I really enjoy talking about the drop pouch as it’s probably the most misunderstood piece of gear. It’s often taught that the drop pouch is for half-full magazines. I have seen this logic taught in the military and many other tactical instructors carry it from the military and other places. Personally, I have found that in overseas operations my drop pouch is used for administrative equipment. It’s a wonderful, oversized cargo pocket that can hold extra water, beef jerky, Chapstick, and more. So you can imagine what finds its way into that pouch. In an emergency situation where I’ve gone through all of my magazines and I’m looking for my last half-full magazine, I don’t want to dig through beef jerky and Chapstick to find that magazine. I am a very big advocate of placing magazines in magazine pouches. If they are empty, they don’t belong in pouches. Empty magazines get confused for full magazines. I believe empty magazines belong on the ground until the fight is over and I can recover them. The drop pouch has always been and will always be an administrative device. Please don’t get me wrong I truly enjoy having beef jerky close by.

 

Pistol Gear

The concept of a pistol is strongly misunderstood across all cultures, particularly the American civilian and military cultures. We have been taught by Hollywood that good guys use pistols to stop bad guys with sub-machine guns and battle rifles. This is obviously very far from the truth. Cinema has done a lot to mislead us in all kinds of fun directions. In a later article, we will talk about transition drills and their importance or lack thereof. For now, let’s just understand that if my Carbine is in my hands I am not likely to trade out my incredibly capable Carbine for a moderately inefficient handgun. Now having said that, we can see why I don’t put any pistol equipment on my rifle vest (pistol, mags, etc). Personally, I think it is best to segregate rifle and pistol equipment. My pistol belt contains all of my pistol gear and EDC equipment. When I add a rifle vest I’m also adding a rifle. If my rifle is in my hands I want extra rifle magazines. If I decide to remove my rifle from the equation, my vest will follow. Now I’m back to my pistol gear. Segregating these two makes for smooth transitions between EDC and tactical kit. Having to swap your magazines in-between Carbine and Pistol drills is inconvenient and inefficient. Quite simply, I keep my pistol gear on my pistol belt and my rifle gear on my rifle vest.
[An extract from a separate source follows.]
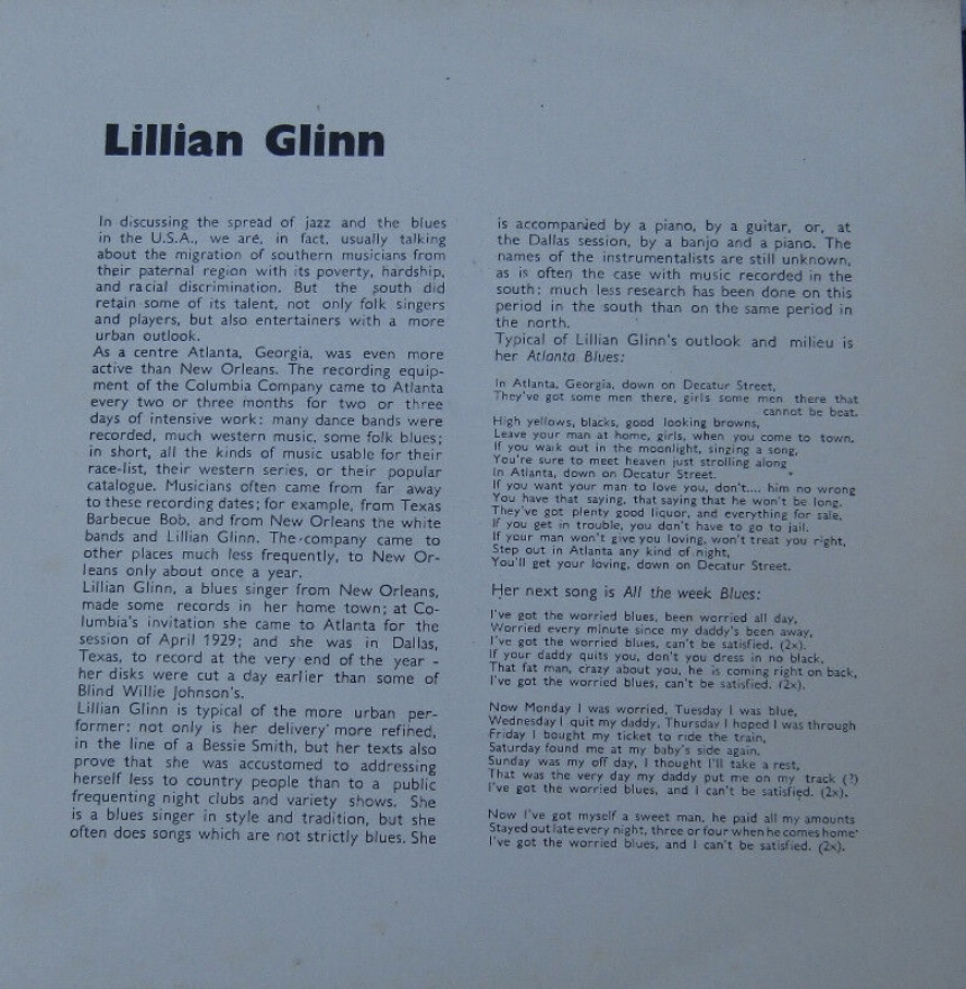Der Musikwissenschaftler David Evans bemerkte, dass „es sehr wahrscheinlich ist, dass viele von Lillian Glinns Blues ohne einen aufgeführten Komponisten ihr eigenes Material waren. Wenn dem so wäre, wäre sie die Ausnahme unter Columbias Blues-Sängerinnen.“

Hopefully, this brings some clarity on how to streamline your tactical setup and not overdo it in the gear department. If there’s a particular item that you think does or does not belong on your vest, it’s important to have solid reasoning behind it.

 

About the Author:

Rob joined the USMC in 2004 with a military occupational specialty of 0311 (Infantry Rifleman). Assigned to 3rd Bn 1st Marines, Rob participated in a deployment to Iraq (OIF-3) as a point man followed by an assignment as Team Leader for the 13th MEU Special Operations Capable to Iraq (OIF-6). In 2007, he joined 1st Marine Regiment and reenlisted to deploy to Afghanistan. InJanuary 2010, Rob was promoted to the rank of Sergeant & continued to serve 1st Marine Regiment for a year-long deployment in Afghanistan. On return from Afghanistan, Rob was assigned to School Of Infantry West to work as a Combat Instructor (CI) for the USMC where he trained thousands of Marines to gain the skills necessary to survive. Rob exited the USMC in 2014 & was immediately picked up by Securing our Country (SOC). As a private military contractor, Rob was responsible for training the specialty teams of operators at the American Embassy in Iraq. Shortly after leaving Contract in 2018, Rob became the Chief Instructor of GPS Defense Sniper School. Rob now gives 100% of his attention to Emergency Response Tactical training all levels over 320 days a year as his passion & full-time job.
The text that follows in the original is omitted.